3. Type B Aortic Dissection The traditional teaching is that type B dissection is managed medically, whereas type A (with ascending aortic involvement) needs emergent repair. But a significant number of patients with type B die at follow up. Because of this, more patients with type B have undergone endovascular stent-graft repair. Hemodynamics undoubtedly contribute to disease progression. 4D Flow may reveal unique flow environments that could single out patients for early repair.
5 Review Articles to Check Out:
1. Dyverfeldt P, Bissell M, Barker AJ, Bolger AF, Carlhäll CJ, Ebbers T, Francios CJ, Frydrychowicz A, Geiger J, Giese D, Hope MD, Kilner PJ, Kozerke S, Myerson S, Neubauer S, Wieben O, Markl M. 4D flow cardiovascular magnetic resonance consensus statement. J Cardiovasc Magn Reson. 2015; 17(1):72. PMID: 26257141.
2. Burris NS, Hope MD. 4D flow MRI applications for aortic disease.

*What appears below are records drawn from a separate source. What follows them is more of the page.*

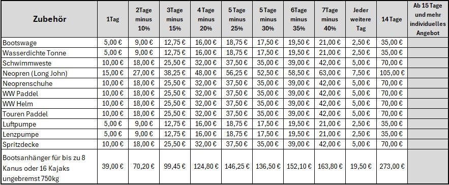 | Touren Paddel | 10,- € | 18,- € | 25,- € | 32 ,- € | 37,- € | 42,- € | 45,- € | 5,- € | 70,- € | |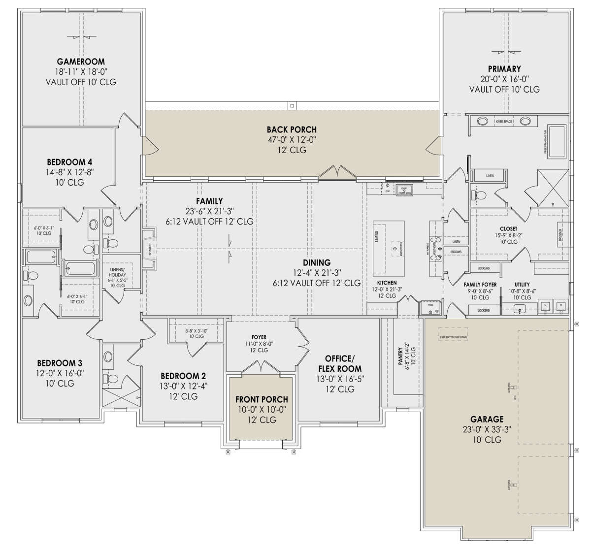 Inside, the floor plan is organized around a large central living area that connects the great room, kitchen, and dining spaces. This open arrangement allows daily activities and social gatherings to flow naturally between rooms while maintaining clearly defined functional areas.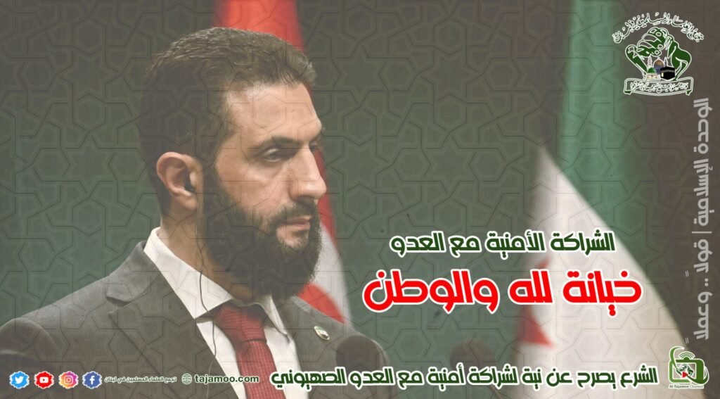 رابعاً: يستنكر تجمع العلماء المسلمين ما أعلن عن أن الرئيس السوري أحمد الشرع قد أبدى انفتاحاً على قيام شراكة أمنية مع العدو الصهيوني، في ظل ما وصفه بوجود أعداء مشتركين، مؤكداً رغبة بلاده في بناء نموذج جديد للأمن القومي يستند الى المصالح المتبادلة، ما يؤكد انحراف هذا الرجل باتجاه إخراج سوريا من محور المواجهة مع العدو الصهيوني، والتسليم للعدو الصهيوني باحتلاله لفلسطين ولأقسام من سوريا والاستسلام لرغباته وللإملاءات الأمريكية.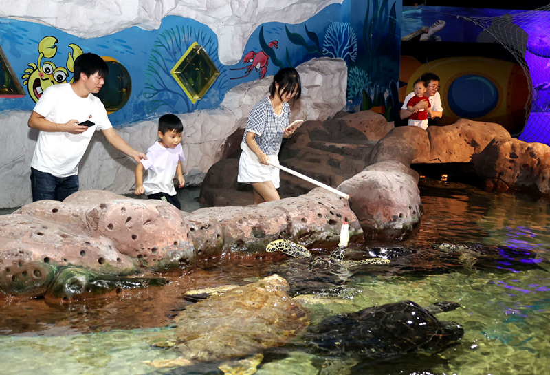 盛夏季節(jié),海底世界內(nèi)的大多數(shù)動物朋友處于“養(yǎng)尊處優(yōu)”的狀態(tài),最忙碌的當(dāng)屬海豹、海獅,因為它們是南通海底世界的表演明星。此時,海豹表演正在精彩進(jìn)行中,前來觀賞的游客將看臺擠得滿滿當(dāng)當(dāng)。飼養(yǎng)員毛微華說,海豹、海獅雖然怕熱,但暑期是旅游旺季,7月以來每天表演場次從以往的3場增加到4場。“入夏以來,海豹、海獅的飲食量有些下降,以往一天三頓吃6.3—7.5公斤的青占魚、青魚,目前調(diào)低到5.4公斤,食物以青占魚為主,另外加一些小黃魚,以豐富它們的營養(yǎng)元素?!笨蹬握f。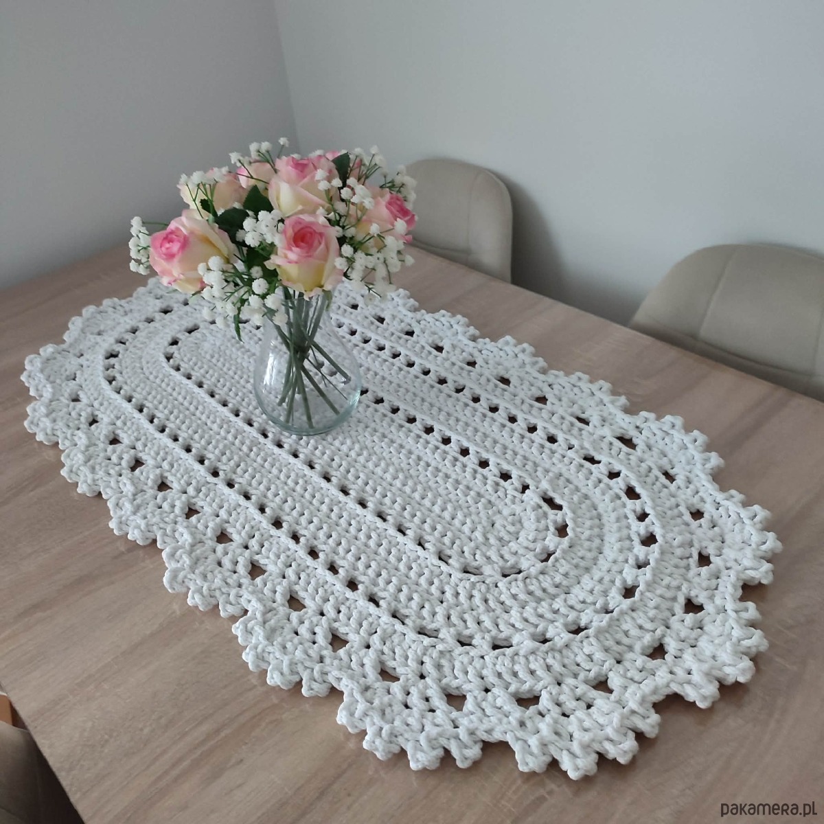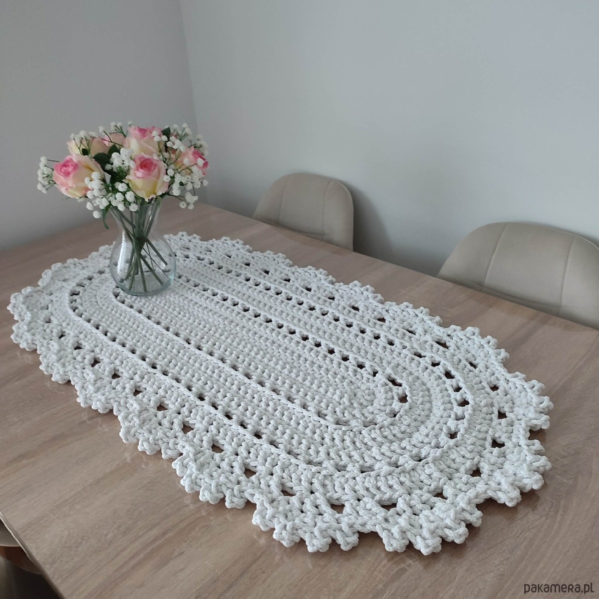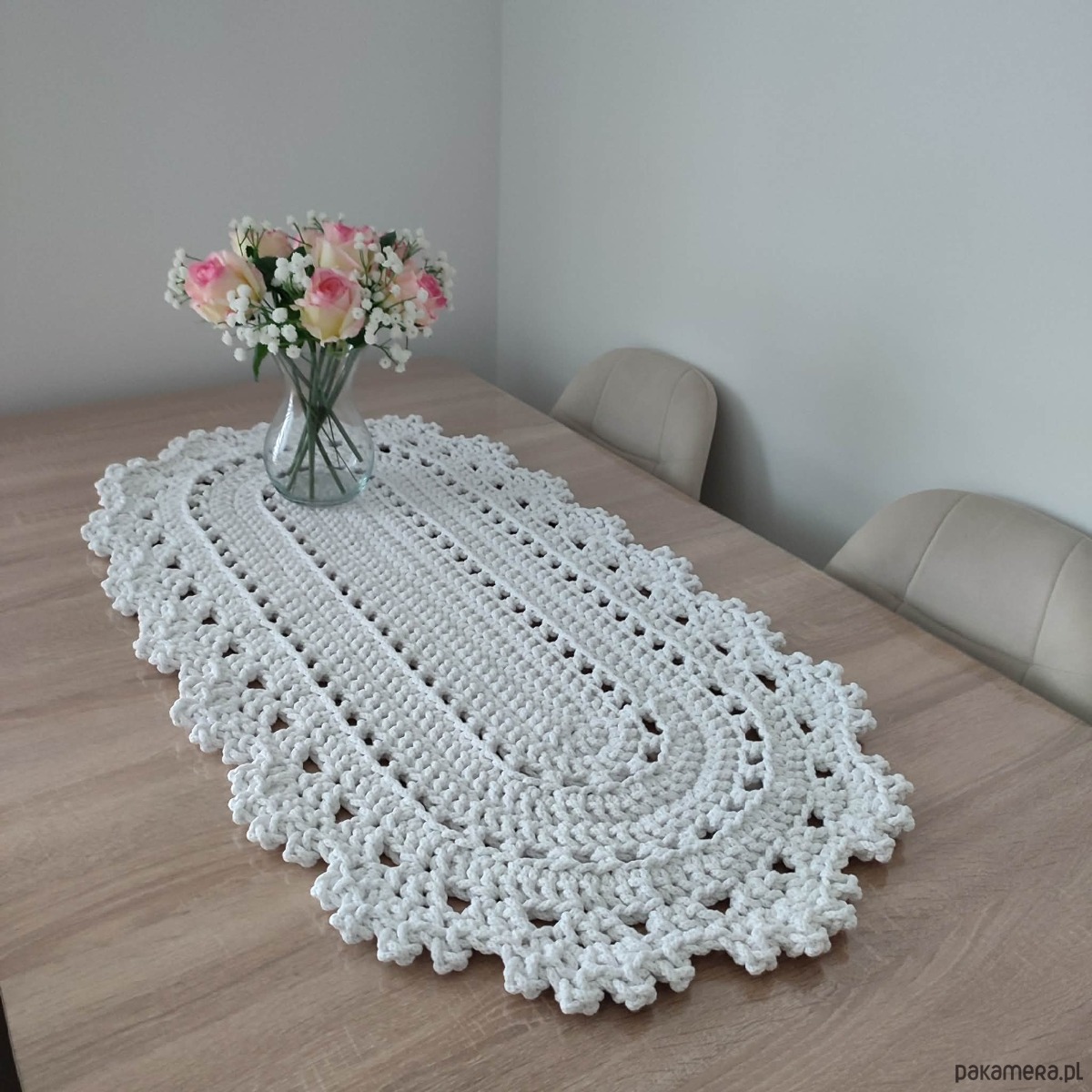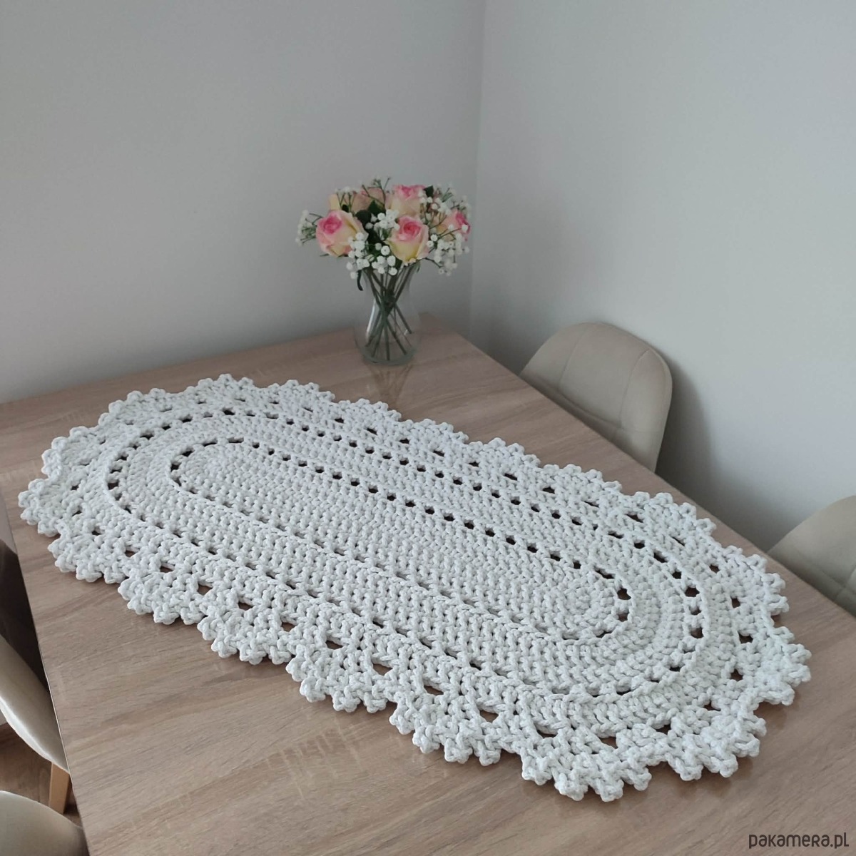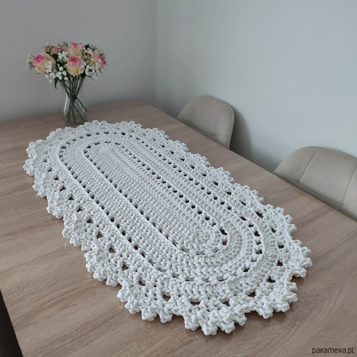 Bieżnik szydełkowy ze sznurka bawełnianego owalny 50cmx95cm

Magn Reson Imaging Clin N Am. 2015 Feb; 23(1):15-23. PMID: 25476670.
3. Hope MD, Sedlic T, Dyverfeldt P. Cardiothoracic magnetic resonance flow imaging. J Thorac Imaging. 2013 Jul; 28(4):217-30. PMID: 23708687.
4. Hope MD, Wrenn SJ, Dyverfeldt P. Clinical Applications of Aortic 4D Flow Imaging. Curr Cardiovasc Imaging Rep. 2013; 6(2):128-39.
5. Markl M, Frydrychowicz A, Kozerke S, Hope M, Wieben O. 4D flow MRI. J Magn Reson Imaging. 2012 Nov; 36(5):1015-36. PMID: 23090914.